--- Work to be completed ---
The response should be an exact transcription of the data below, free of images.

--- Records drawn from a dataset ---
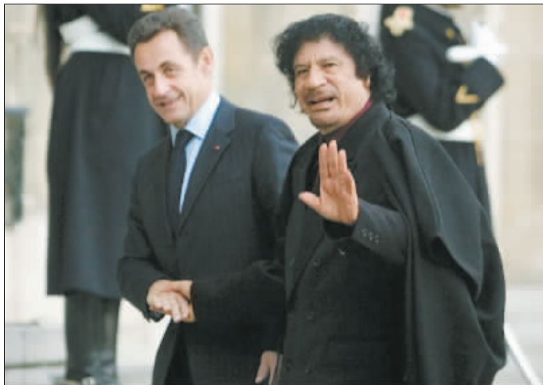
萨科齐(左)与卡扎菲是“昔日的好友”。

综合新华社消息 埃及媒体9月20日报道,穆阿迈尔·卡扎菲前几天在利比亚南部城市塞卜哈现身。
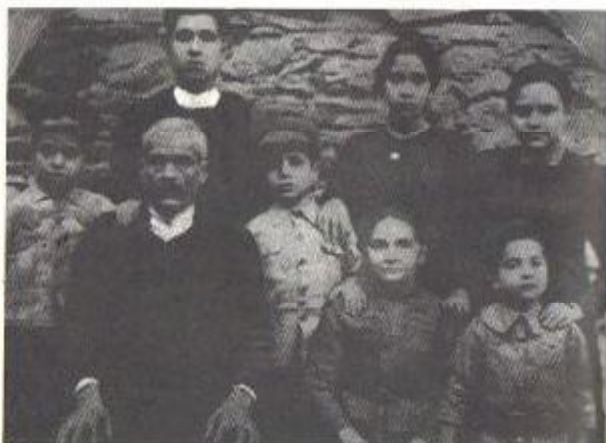
Η οικογένειά μου όλη από το προσφυγικό βιβλιάριο του 1919 που πολιωνοστήσαμε στη Μικρά Ασία. Είμαι στο μέσο της φωτογραφίας. Στην κοιλιά της μάνας ένα παιδί που πέθανε.

Η Ευαγγελική Σχολή της Σμύρνης ήταν όπως η Μεγάλη του Γένους Σχολή στην Κωνσταντινούπολη. Σπούδαζες εκεί διάφορες επιστήμες. Αλλά έγινε ο διωγμός κι εγώ πού να
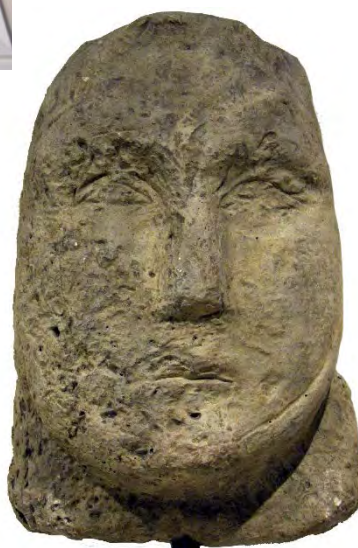
Fig. 12 - Testa di una statua schematica da Malta, III secolo a.C.

--- Result of the task ---
萨科齐(左)与卡扎菲是“昔日的好友”。

综合新华社消息 埃及媒体9月20日报道,穆阿迈尔·卡扎菲前几天在利比亚南部城市塞卜哈现身。
Η οικογένειά μου όλη από το προσφυγικό βιβλιάριο του 1919 που πολιωνοστήσαμε στη Μικρά Ασία. Είμαι στο μέσο της φωτογραφίας. Στην κοιλιά της μάνας ένα παιδί που πέθανε.

Η Ευαγγελική Σχολή της Σμύρνης ήταν όπως η Μεγάλη του Γένους Σχολή στην Κωνσταντινούπολη. Σπούδαζες εκεί διάφορες επιστήμες. Αλλά έγινε ο διωγμός κι εγώ πού να
Fig. 12 - Testa di una statua schematica da Malta, III secolo a.C.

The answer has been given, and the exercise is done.